Operator’s commitment: It is essential to verify the financial stability of the operator. An operator in financial difficulty may be unable to pay rent, jeopardizing the investment. Article L. 145-41 of the Commercial Code allows the owner to terminate the lease in case of non-payment, but this process can be lengthy and costly.
3. Risks and Disadvantages
Less flexibility: Unlike traditional rental investments, a property under a commercial lease offers little freedom to the owner during the lease term. The owner cannot reclaim the property for personal use or rent it under different terms, which can be a constraint. Furthermore, reclaiming the property for a "legitimate and serious reason" remains regulated by Article L. 145-17 of the Commercial Code and requires valid justification.
Resale value: Due to contractual commitments, a property under a commercial lease may be less attractive to other investors seeking flexibility. The remaining lease duration and contract clauses can affect the property’s resale value. Buyers must therefore consider that this constraint could reduce the property’s appeal to future purchasers.

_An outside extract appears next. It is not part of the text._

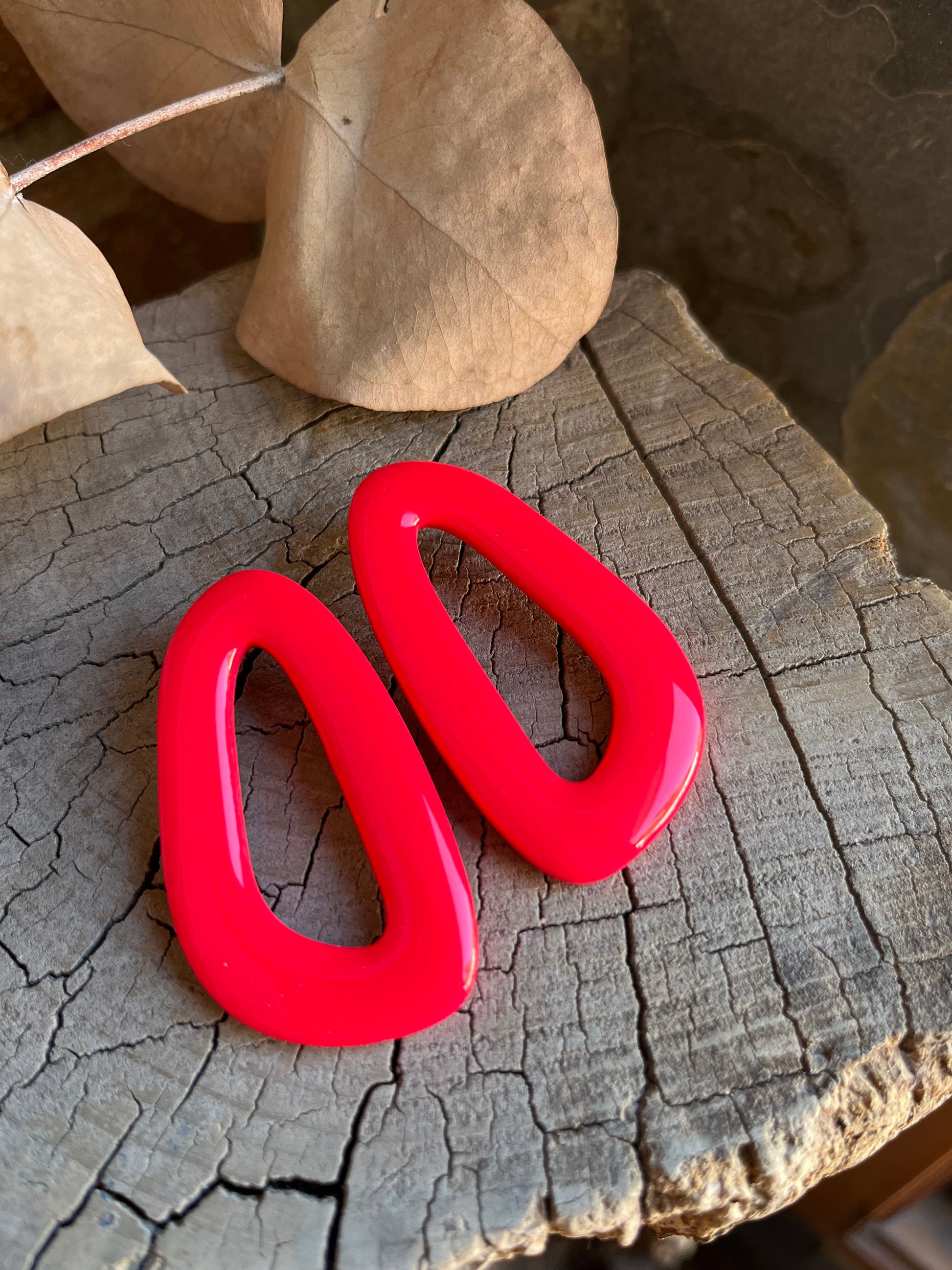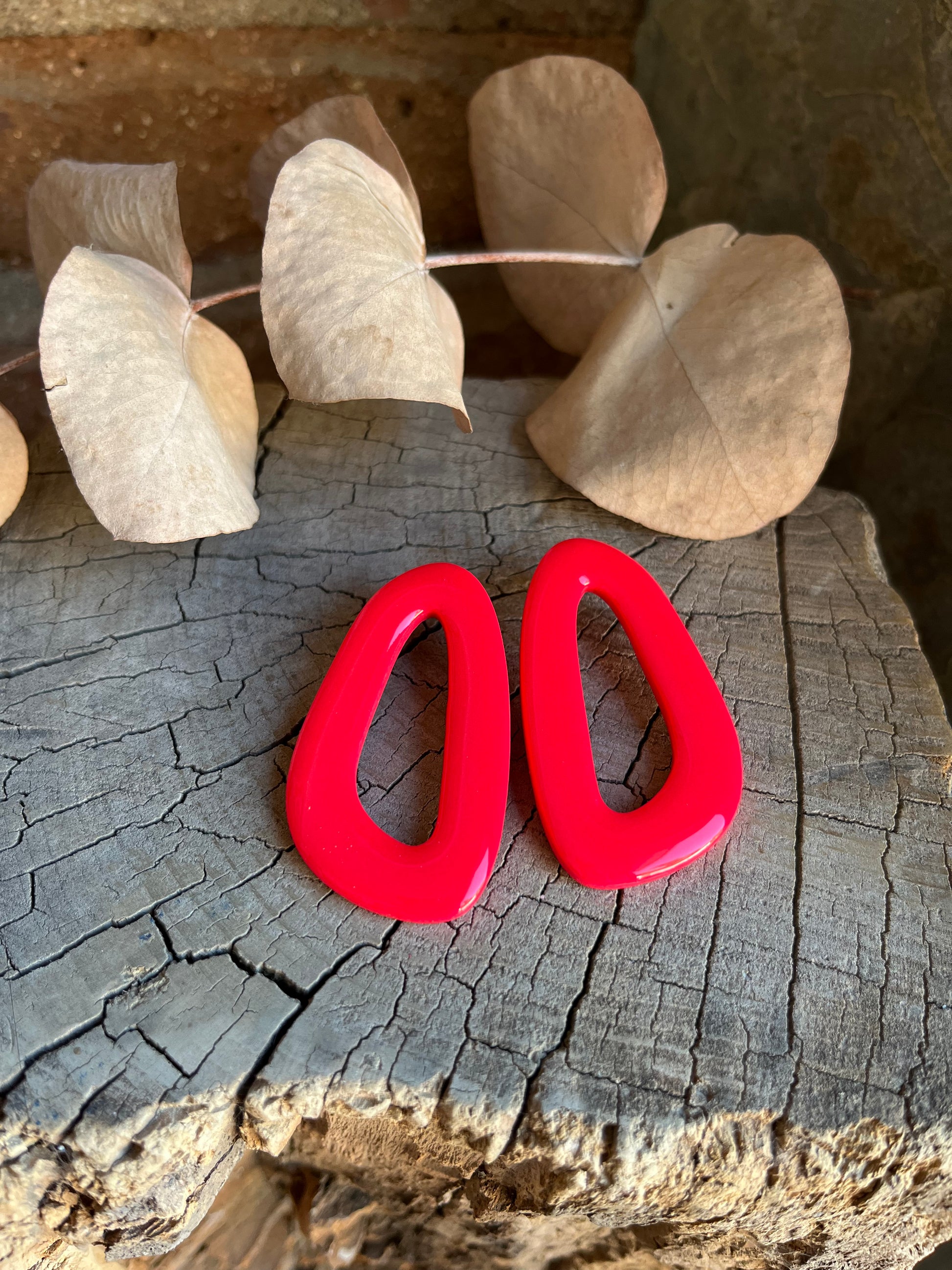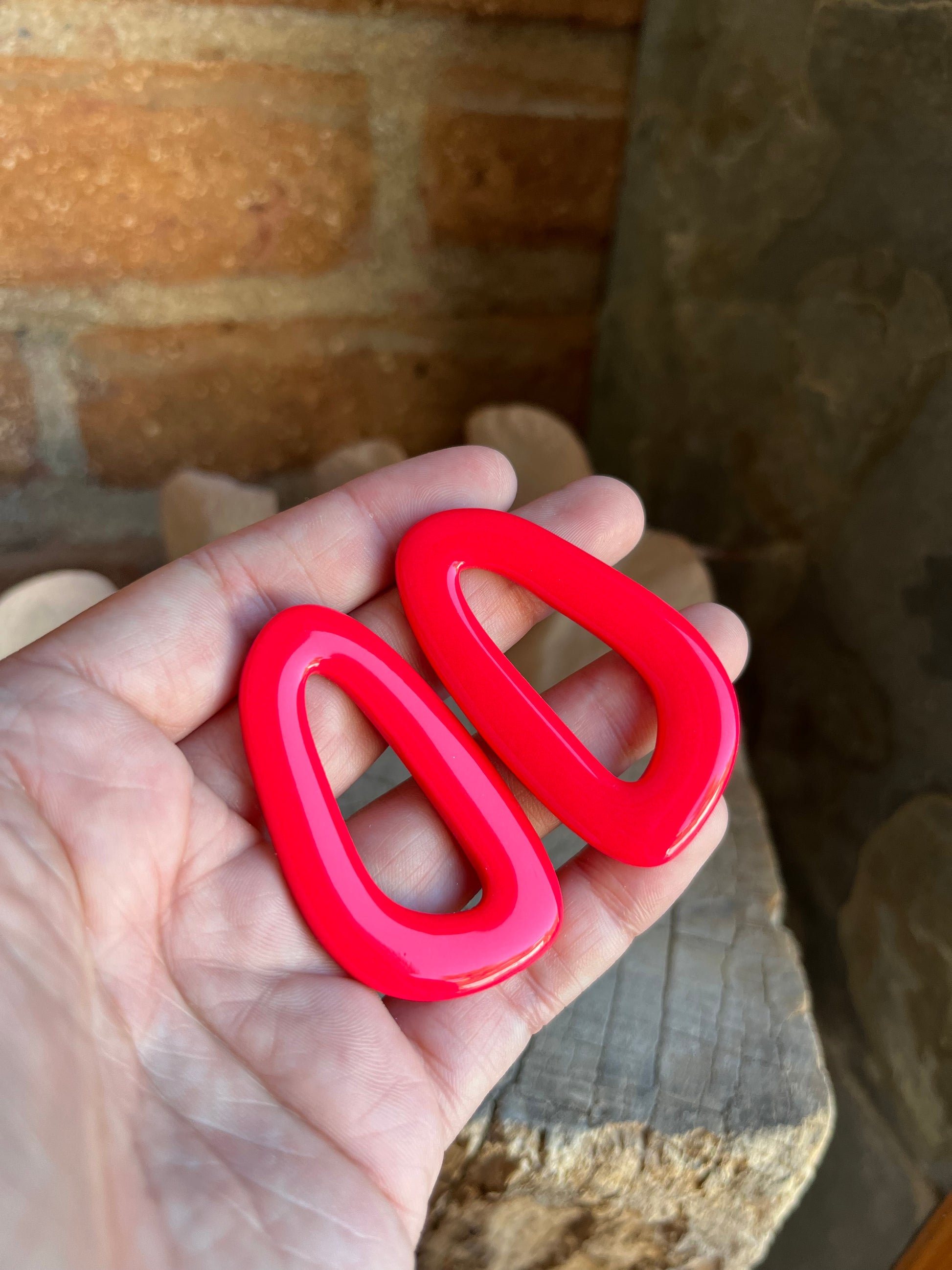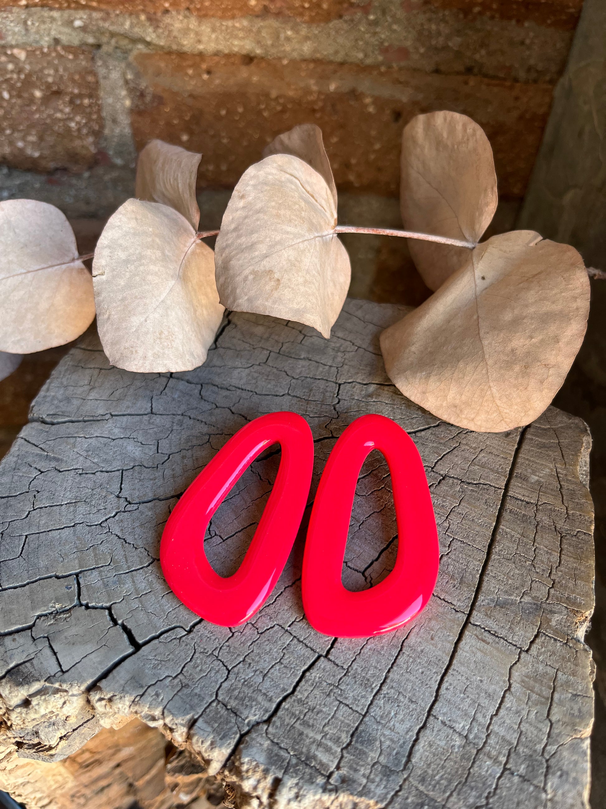 Aros de arcilla polimérica con top coat de resina uv. Miden 5,5 cms. Palito de acero quirúrgico y tope de goma.

Conflicts with the operator: The owner may face conflicts if the operator fails to comply with the lease terms. Disputes can arise over property usage, maintenance, or rent payments. In case of non-compliance, the owner can request lease termination under Article L. 145-41 of the Commercial Code, but proof of violations must be provided, which can be time-consuming and costly.
An Investment
to Consider
Acquiring a property under a commercial lease can be an excellent opportunity for investors seeking a stable source of income. Such properties are often resold at a significant profit once the lease ends. However, this investment requires careful attention and an in-depth analysis of lease clauses, tax obligations, as well as the rights and duties of both the owner and the operator.
Working with an experienced real estate agent helps minimize the risks associated with this type of investment and ensures the commitment aligns with the buyer’s financial goals.